Ascertainment of ACE-I/ARB use
As part of each annual study visit, children (and/or their parent or guardian) reported all prescribed medications taken by the child in the previous 30 days, including the frequency of each medication dose. Parents or guardians were asked to bring the child’s medications to the study visit for confirmation of medications by study staff. Use of ACE-I/ARBs between annual study visits was assumed to be consistent with that reported at the prior visit. Comparisons of ACE-I/ARB discontinuers to continued users was defined based on reported ACE-I/ARB status at the last contributing visit under observation, among those with at least one prior visit at which ACE-I/ARB use was reported.

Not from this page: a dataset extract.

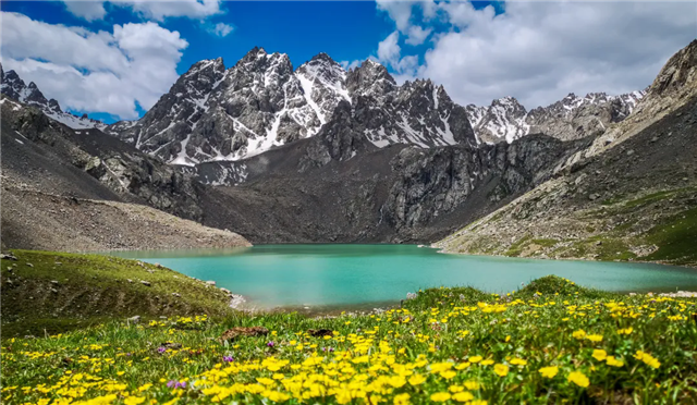 走进冰沟河景区,你可以顺着木栈道漫步,欣赏万亩马兰花草原;也可以在尼美拉大峡谷的吊桥上和同伴一起感受摇摆的刺激;更可以在雪山环绕的柴尔龙海天池边许个愿;最后在大可汗行营的藏包中品味特色藏餐。
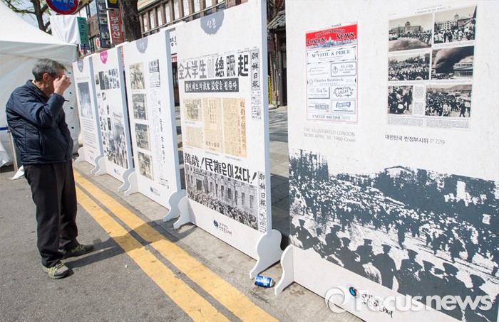 (서울=포커스뉴스) 4·19 혁명 56주기를 하루 앞둔 18일 오후 서울 강북구 광산사거리 인근에서 열린 '4.19 혁명 국민문화제 2016'에 참석한 시민이 혁명 당시 신문기사들을 보고 있다.

Covariate measurement and definitions
Kidney function was assessed by determining GFR from plasma iohexol disappearance curves at study entry, one year later, and every other year thereafter using previously reported methods [10]. When GFR was not directly measured, it was estimated using published equations derived from the CKiD population [11]. In either case, GFR was scaled to body surface area (BSA) using the Haycock equation [12]. CKD-related biomarkers were determined at the central CKiD laboratory at the University of Rochester while complete blood count and serum CO2 were measured locally. Serum creatinine (enzymatic), BUN and renal function panel (serum sodium, potassium, calcium and phosphorus) were analyzed on a Bayer Advia 2400 analyzer (Siemens Diagnostics, Tarrytown NY) and cystatin C was determined by nephelometry (Siemens Diagnostics). Details of the techniques used to measure the first morning urine protein/creatinine ratio (uP/C) have previously been published [13]. BP was determined at each study visit as the average of three auscultatory measurements obtained with an aneroid sphygmomanometer [14]. The CKD diagnoses were reviewed by the members of the CKiD Steering Committee and categorized as either glomerular or non-glomerular etiology. Nephrotic range proteinuria was defined as uP/C > 2.0 mg/mg. Anemia was defined as hemoglobin < 5th percentile using age and sex specific norms [15]. Elevated blood pressure was defined as systolic or diastolic BP > the 90th percentile for age, sex, and height [16] while high normal BP was defined as systolic or diastolic BP between the 50th and 90th percentile. Elevated serum phosphate was defined as > 6.5 mg/dL for children <13 years old and > 4.5 mg/dL for children > 13 years [17]. Elevated serum potassium was defined as > 5.2 mEq/L and acidosis was defined as serum CO2 < 22 mEq/L [18]. Self-reported annual income was categorized into ≤$30000, $30001 to $75000, and >$75000. Family size was categorized as 3 or fewer family members versus more than 3 family members. The study also collected self-reported health insurance status (yes/no) and occurrence of an emergency room visit in the past year (yes/no). Past values of covariates were carried forward to fill in missing values.
Definition of Outcome
Development of end-stage kidney disease was considered the initiation of renal replacement therapy (RRT; dialysis or transplant). Time to RRT was defined as the time from the baseline visit of the CKiD study to RRT, loss to follow-up, or October 31, 2015. Deaths, which were rare events in this pediatric cohort, were censored.
Statistical analysis
Cox proportional hazards models were used to evaluate the unadjusted and adjusted associations between time-varying covariate levels and time to RRT. Analyses were adjusted or weighted to control for the confounding effects of age (per year), male sex, glomerular diagnosis, GFR (per ml/min), nephrotic range proteinuria, anemia, elevated blood pressure, elevated potassium, elevated phosphate and acidosis, on the relationship between ACE-I/ARB use and time to RRT. Race was not included as a possible confounder, as race was not associated with ACE-I/ARB use in the current study. Prior work on CKD progression in the CKiD cohort was used to guide selection of potential confounders [19].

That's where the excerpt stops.